Oui je pense qu’il faudrait localiser dans des petites villes le résultat des centralisations. Il y a aussi le choix des équipes.
La Saône-et-Loire c’est géographiquement deux fois plus vaste que le Rhône avec deux fois moins d’habitants. Nous avons cinq villes de plus de 15.000 habitants.
Cela-dit, le service ne sera pas dégradé. Mais je suis sensible à l’isolement que ressentent les maires devant la présence physique moins importante des services de l’Etat. Il faut une établir une relation différente.
Comme contribuable, tout le monde peut comprendre que l’on regroupe. Y compris pour les agents qui se retrouvent isolés»

Raymond Gonthier (taxe d’habitation)

Quelles compensations pour la perte de la taxe d’habitation dans les communes, qui sont dans le désarroi ?
Jérôme Gutton : «Pour la taxe d’habitation, elle sera intégralement compensée : 2018 ce seront 47,8 millions de dégrèvements».

Françoise Verjux-Pelletier (mineurs non accompagnés)

«Concernant la question de l’accueil des mineurs non accompagnés, nous sommes régulièrement interpellés pour des solutions urgentes. Il semble que les structures sont saturées».
Jérôme Gutton : «Concernant les mineurs non accompagnés, il y a ceux pour lesquels l’aide sociale à l’enfance considère que leur caractère de mineur est crédible. Moi j’en ai connaissance quand ils ne sont pas reconnus comme mineurs. Et puis il y a ceux qui deviennent majeurs et qui poursuivent une scolarité. La naturalisation c’est pour plus tard».

Evelyne Couillerot (informations sur la RCEA)

«Monsieur le Préfet, je veux vous alerter sur la signalisation, dans les zonnes de travaux surla RCEA, notamment dans le secteur de Montchanin. Il faudrait des informations plus réactives, au bénéfice des usagers qui sont nombreux à se plaindre».
Jérôme Gutton : «Pour la signalisation des travaux, on peut toujours faire mieux. On essaye de progresser. L’architecture des services de l’Etat est complexe».

Jean Claude Bécousse (centre éducatif fermé)

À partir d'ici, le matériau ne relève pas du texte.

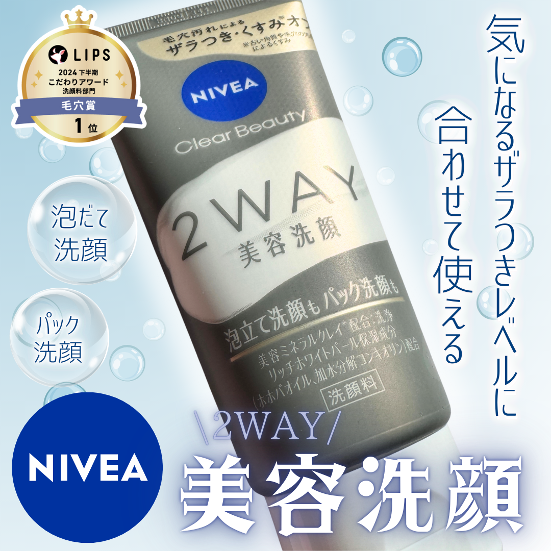 - ※商品名変更(旧名:ニベア クリアビューティー2WAY美容洗顔)に伴い、商品パッケージを順次リニューアル。尚、これにかかる商品の返品・交換は承っておりません。 気になるザラつきレベルに合わせて洗い分け。 毎日の汚れには泡でしっかり。 ザラつき気になる日はパックでごっそり。 古い角質を柔らかくほぐし、汚れを吸着する洗顔料。 毛穴汚れによるザラつき、くすみ*までさっぱり落とします。 透明感のある、毛穴の目立ちにくいつるんとなめらか肌へ。 ●美容ミネラルクレイ配合:タナクラクレイ、カオリン(洗浄) ●リッチホワイトパール保湿成分配合:ホホバオイル、加水分解コンキオリン *古い角質や毛穴の汚れによるくすみ

«Nous avons appris, sans concertation, l’implantation du centre éducatif fermé à Chardonnay. C’est le berceau d’un cépage mondialement connu. Il y a un problème de fond et de forme sur ce dossier, avec des sommes importantes».
Jérôme Gutton : «Je serai exigeant en matière d’équipe de clôtures. C’est une association qui porte le projet à Chardonnay. C’est la Sauvegarde dont nous avons besoin».

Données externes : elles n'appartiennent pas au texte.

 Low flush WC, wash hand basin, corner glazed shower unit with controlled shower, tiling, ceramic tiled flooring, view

Violaine Gillet (service public et suppressions d’emplois)

Concernant l’accès au service public, quels aménagements équitables en Saône-et-Loire ? On nous parle de concertation, mais elle ne vient jamais avant.  Quelle déclinaison des 1800 emplois en moins dans l’Education Nationale ?
Pour l’insertion, quelle crédibilité peut avoir l’Etat quand il continue de supprimer les contrats aidés.
Jérôme Gutton : «Concernant l’Education Nationale, je n’ai pas d’informations spécifiques à communiquer».